A statement read on state television identified the suspect as Mohammad Abdullah Hassan al-Sihly, a Syrian citizen who lived in Amman. Jordan's government said he is connected with a known terrorist group based in Iraq.
His two sons and a fourth man, an Iraqi national identified as their leader, also took part in the attack, authorities said.
Friday's attacks targeted but missed two American vessels moored in the Jordanian port of Aqaba for training exercises in the region.
An al Qaeda-linked group claimed responsibility. (Full story)
The government statement said al-Sihly entered Jordan in December 2004 after being wounded in Iraq, where U.S. troops have battled a persistent insurgency for more than two years since the 2003 invasion that toppled Saddam Hussein.
His sons, Abdullah and Abdulrahman, and Mohammed Hameed Hassan al-Iraqi -- also known as Abu Mukhtar -- entered Jordan in early August, smuggling seven Katyusha rockets into the country, officials said.
Three rockets of that type were fired in Friday's attack on the amphibious assault ship USS Kearsarge and the amphibious transport USS Ashland, authorities said.
The group allegedly rented a warehouse in an industrial district of Aqaba, Jordan's Red Sea port, and set a timer to launch the rockets Friday morning.
Al-Sihly's sons and Abu Mukhtar returned to Iraq after setting the rockets to fire, Jordan's government said.

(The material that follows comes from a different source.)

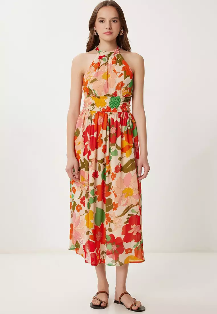 Happiness IstanbulWomen's Orange Pink Patterned Flounced Midi Chiffon Dress Fg00029309.00
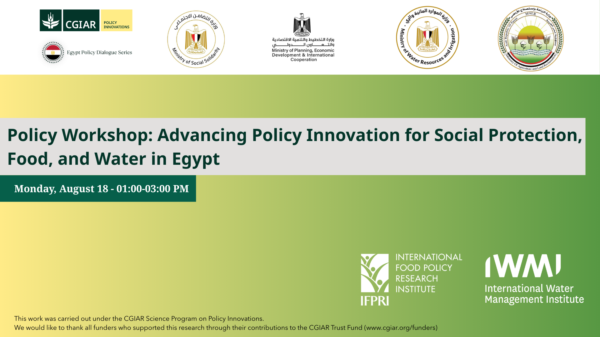 The workshop aimed at examining the interest of the policymakers on tools and research questions related to social protection, food and water policies in Egypt, and to check on alignment on the government NWFE program. This workshop also launched CGIAR's Policy Innovation Science Program which is a continuation of the National Policies and Strategies Initiative (NPS) work in Egypt.

The group was in "direct contact" with leaders in Iraq, who were kept informed on their progress, the government said.
There were no injuries among the nearly 4,000 sailors or Marines aboard the U.S. vessels.
But one rocket struck a Jordanian military warehouse, killing a Jordanian soldier and severely wounding another. Another rocket landed in the neighboring Israeli port of Eilat, but injured no one.
Earlier Monday, Jordanian authorities said they found a Katyusha rocket launcher they believe was used in the attacks, along with four unlaunched rockets they defused.